Could you please retype all of the records exactly, skipping any pictures?

Input records
>>
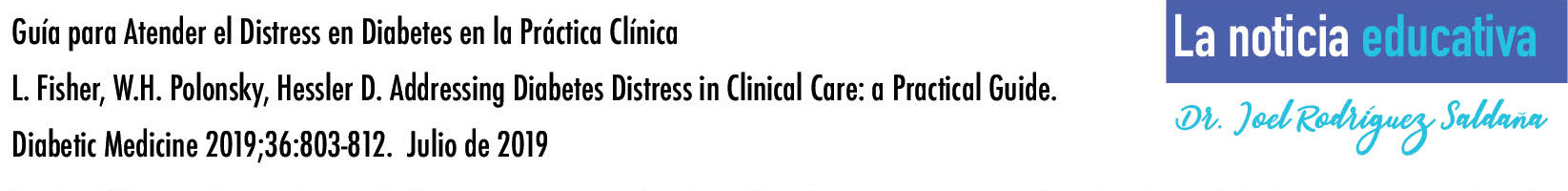 En los últimos años se le ha dedicado cada vez más atención a los aspectos emocionales de la diabetes y a su manejo. El “distress por diabetes” es un concepto central en estas actividades, y se refiere a las causas y la intensidad del distress emocional asociado con la atención de la diabetes. El distress por diabetes se define como las preocupaciones, temores y amenazas asociadas con las demandas de una enfermedad crónica como la diabetes. A medida que ha aumentado el interés por el distress en diabetes, también se han reconocido las dificultades para integrar e implementar la investigación clínica sobre el tema “al mundo real”. Esta revisión tiene como objeto ayudar a los médicos y a los profesionales de salud a atender el distress por diabetes en la práctica clínica, incluyendo conocer en qué consiste, los métodos actuales para valorarlo y vigilarlo, las fuentes de información disponibles para realizar intervenciones, los temas que deben considerarse y las intervenciones que pueden integrarse en la práctica clínica, en personas con diabetes tipo 1 y diabetes tipo 2.
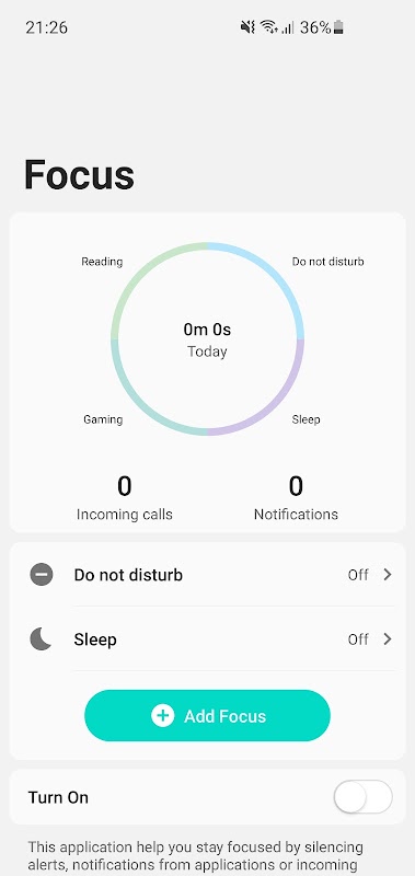 यह एप्लिकेशन आपको अलर्ट, एप्लिकेशन या इनकमिंग कॉल की सूचनाओं को मौन करके ध्यान केंद्रित करने में मदद करता है।
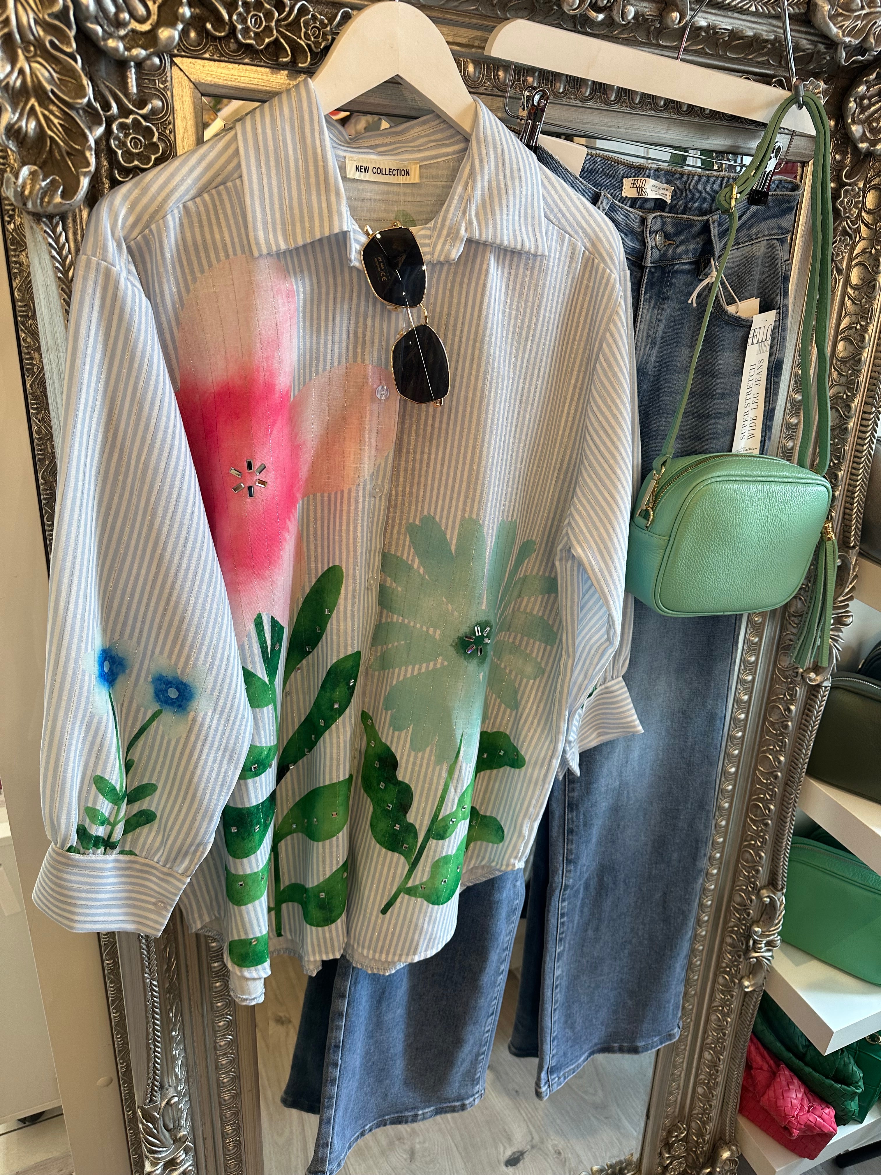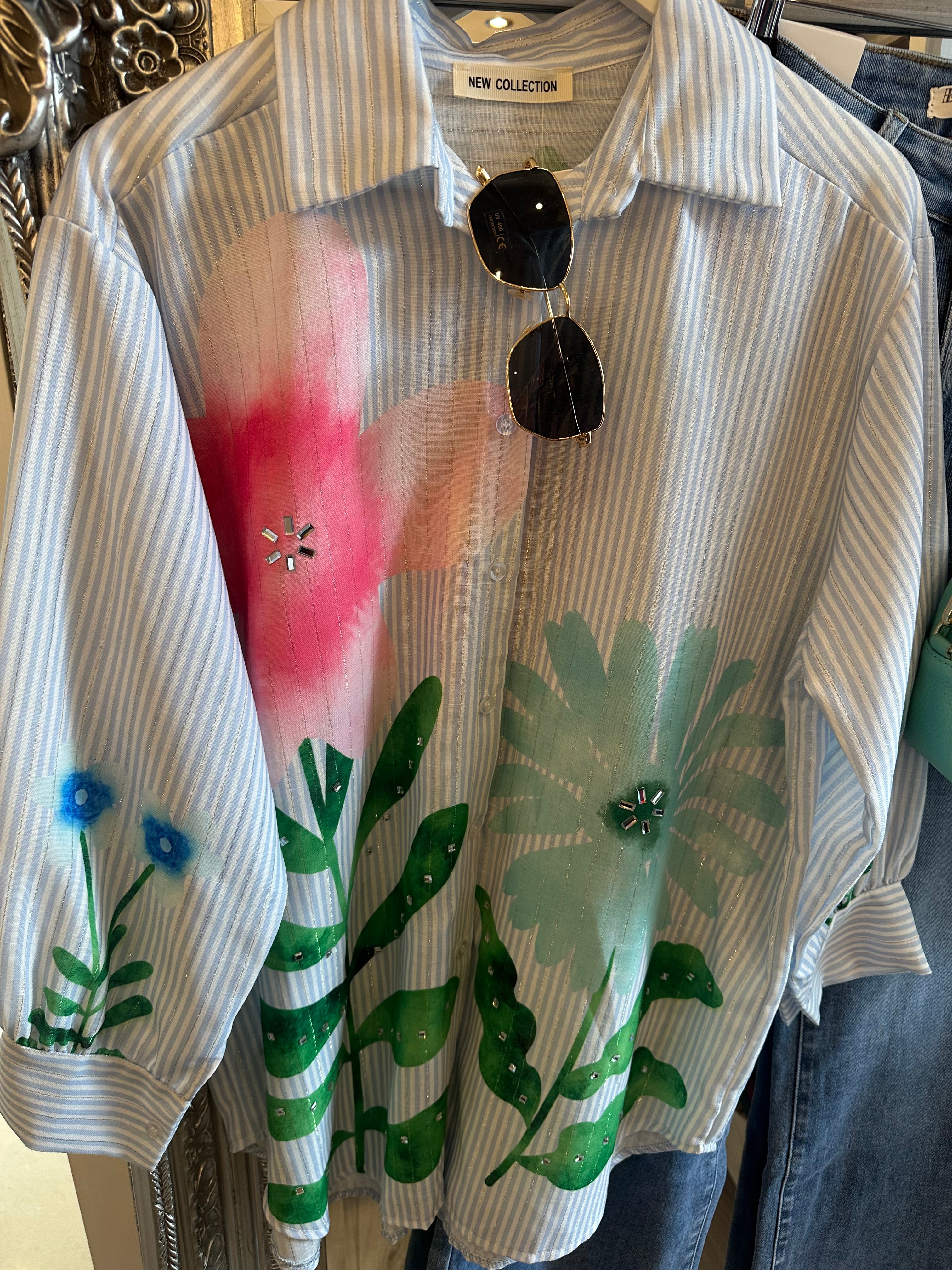 Floral foil pinstripe diamanté blouse
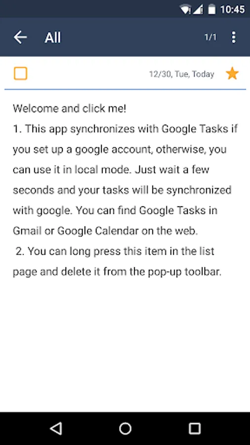 GTasks is a simple and efficient todo / task management app with Google synchronization. You can customize your to do list, set reminder, send tasks to your friends, family members or colleagues and sync with your Google Tasks perfectly. With it, you will never miss a task and focus on what really matters to boost productivity.
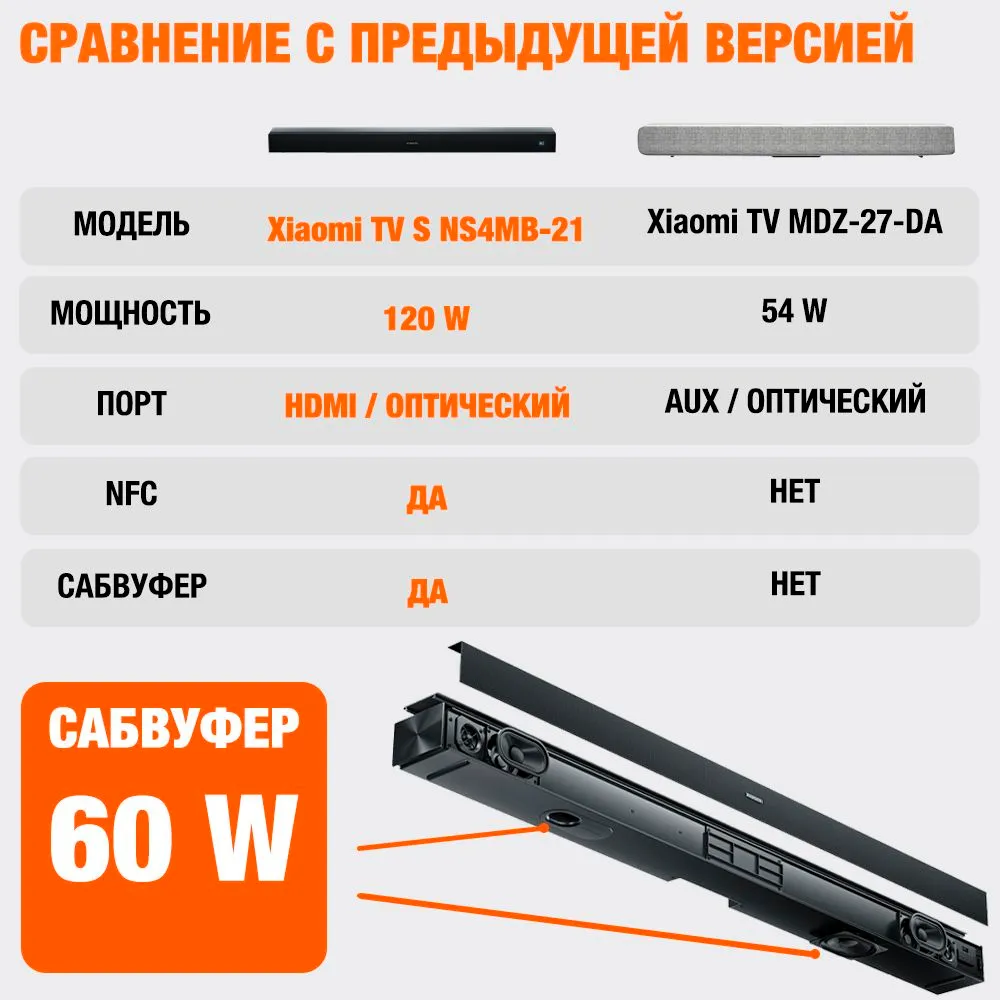 Сравнение Саундбара Xiaomi TV 2.1 (SNS4MB-21)В отличие от моделей Xiaomi Mi TV Soundbar MDZ-27-DA и модели Xiaomi Redmi TV Soundbar, данная модель получила более мощные динамики - 120W , HDMI выход, Последнюю версию Bluetooth, NFC Сопряжение и встроенный САБВУФЕР
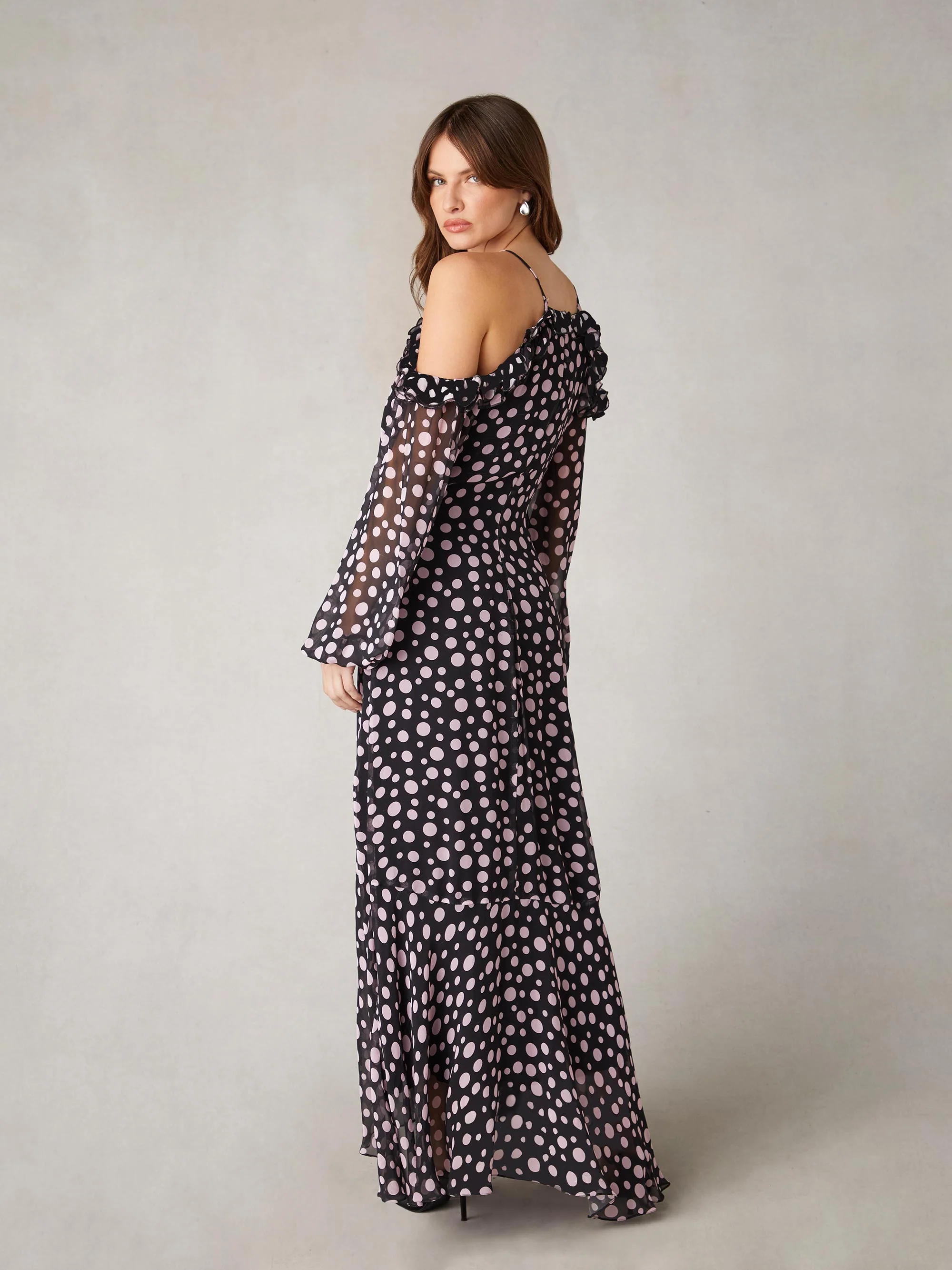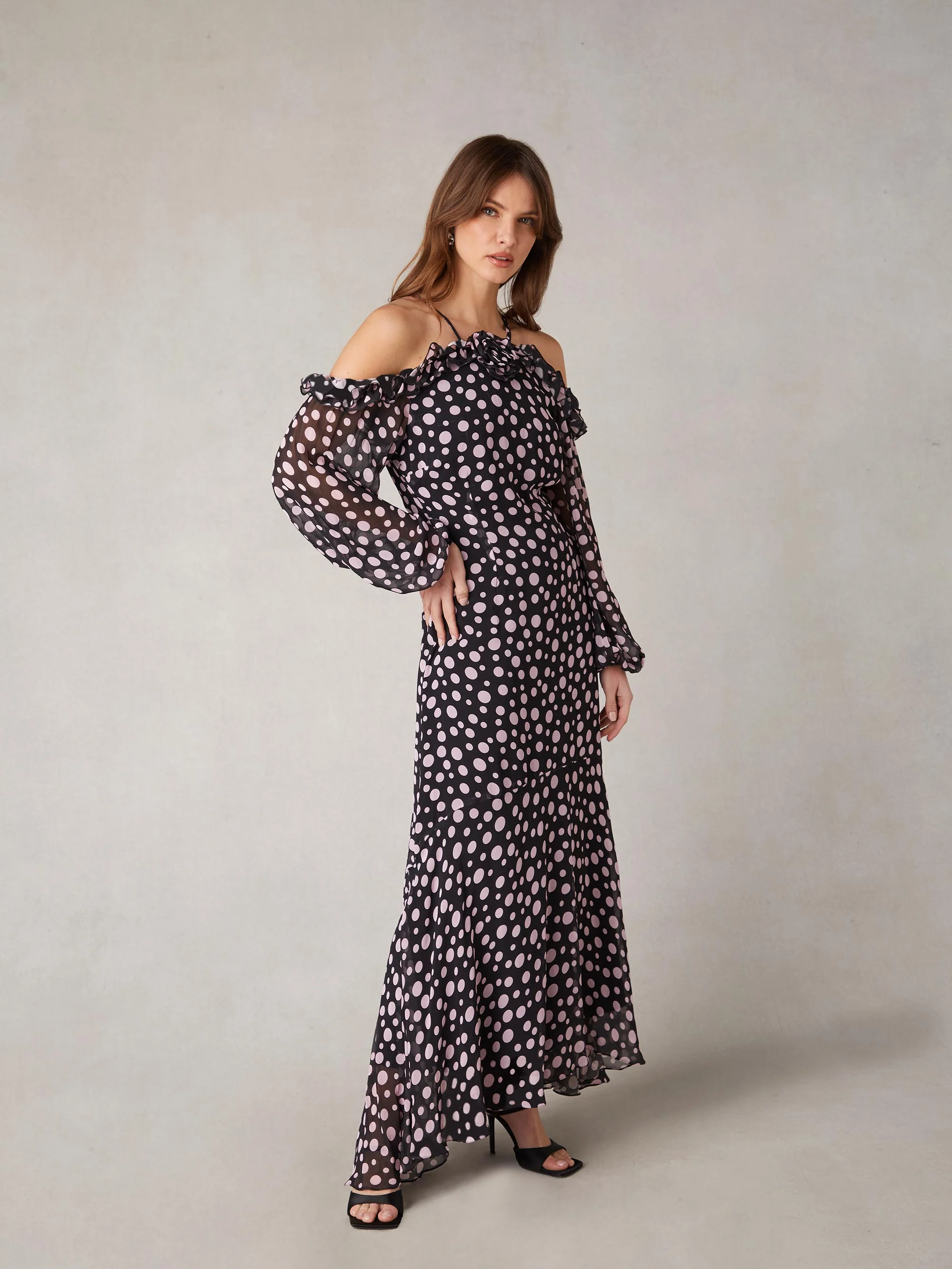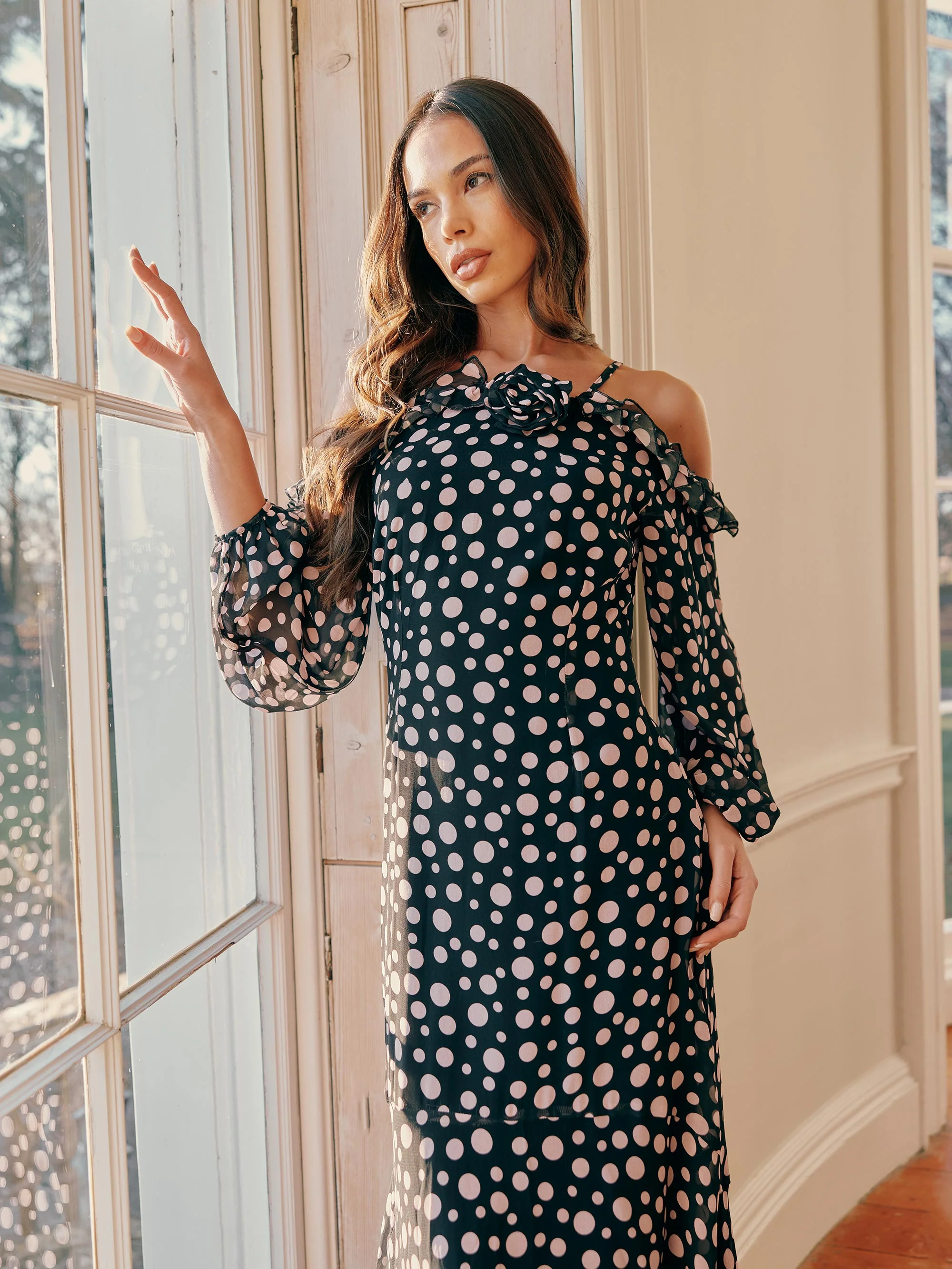 Petite Multi Ditsy Print Shirred Cuff Midi Dress
<<
Exercise output
 En los últimos años se le ha dedicado cada vez más atención a los aspectos emocionales de la diabetes y a su manejo. El “distress por diabetes” es un concepto central en estas actividades, y se refiere a las causas y la intensidad del distress emocional asociado con la atención de la diabetes. El distress por diabetes se define como las preocupaciones, temores y amenazas asociadas con las demandas de una enfermedad crónica como la diabetes. A medida que ha aumentado el interés por el distress en diabetes, también se han reconocido las dificultades para integrar e implementar la investigación clínica sobre el tema “al mundo real”. Esta revisión tiene como objeto ayudar a los médicos y a los profesionales de salud a atender el distress por diabetes en la práctica clínica, incluyendo conocer en qué consiste, los métodos actuales para valorarlo y vigilarlo, las fuentes de información disponibles para realizar intervenciones, los temas que deben considerarse y las intervenciones que pueden integrarse en la práctica clínica, en personas con diabetes tipo 1 y diabetes tipo 2.
 यह एप्लिकेशन आपको अलर्ट, एप्लिकेशन या इनकमिंग कॉल की सूचनाओं को मौन करके ध्यान केंद्रित करने में मदद करता है।
 Floral foil pinstripe diamanté blouse
 GTasks is a simple and efficient todo / task management app with Google synchronization. You can customize your to do list, set reminder, send tasks to your friends, family members or colleagues and sync with your Google Tasks perfectly. With it, you will never miss a task and focus on what really matters to boost productivity.
 Сравнение Саундбара Xiaomi TV 2.1 (SNS4MB-21)В отличие от моделей Xiaomi Mi TV Soundbar MDZ-27-DA и модели Xiaomi Redmi TV Soundbar, данная модель получила более мощные динамики - 120W , HDMI выход, Последнюю версию Bluetooth, NFC Сопряжение и встроенный САБВУФЕР
 Petite Multi Ditsy Print Shirred Cuff Midi Dress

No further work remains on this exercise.